— Exercise brief —
The response should contain only the line with "2023년 양천해누리복지관 프로그램 안내" and every line after it to the end of the listing below, duplicated exactly; no picture belongs in it.

— Provided material —
__________
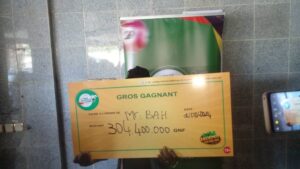« Le Japot 4/59 a produit une trentaine de gagnants millionnaires. Par semaine, nous distribuons plus d’un milliard de gains à partager sur notre réseau de distribution ou de vente. Nous lançons un message aux Guinéens : la LONAGUI reste toujours la meilleure des loteries. Il est à noter que ce parieur n’a misé que 4 000 francs pour gagner 304 400 000 FG, ce qui est possible tous les jours sauf le lundi et le jeudi pour le jeu quotidien. Pour le jeu du milliardaire, vous pouvez jouer ces jours-là avec 4 000 FG. Une fois le gain annoncé sur la plateforme, le chef de la promotion contacte l’agence qui encadre le gagnant pour lui montrer toutes les procédures à suivre. »
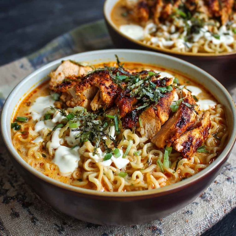 Fiery Chicken Ramen with Creamy Garlic Sauce – Spicy, Savory & Ultra Comforting
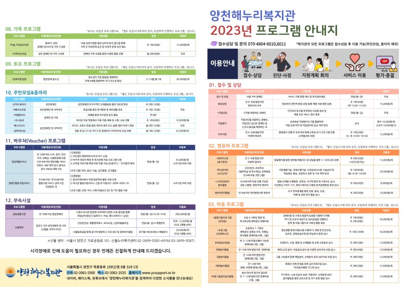 2023년 양천해누리복지관 프로그램 안내
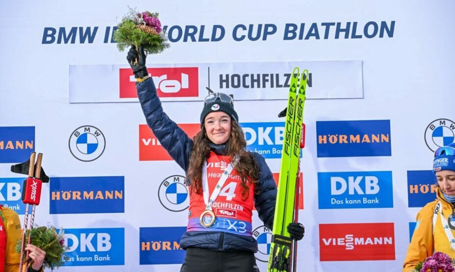 Француженка Лу Жанмонно выиграла гонку преследования на четвертом этапе Кубка мира по биатлону в Оберхофе.
__________
— Exercise solution —
 2023년 양천해누리복지관 프로그램 안내
 Француженка Лу Жанмонно выиграла гонку преследования на четвертом этапе Кубка мира по биатлону в Оберхофе.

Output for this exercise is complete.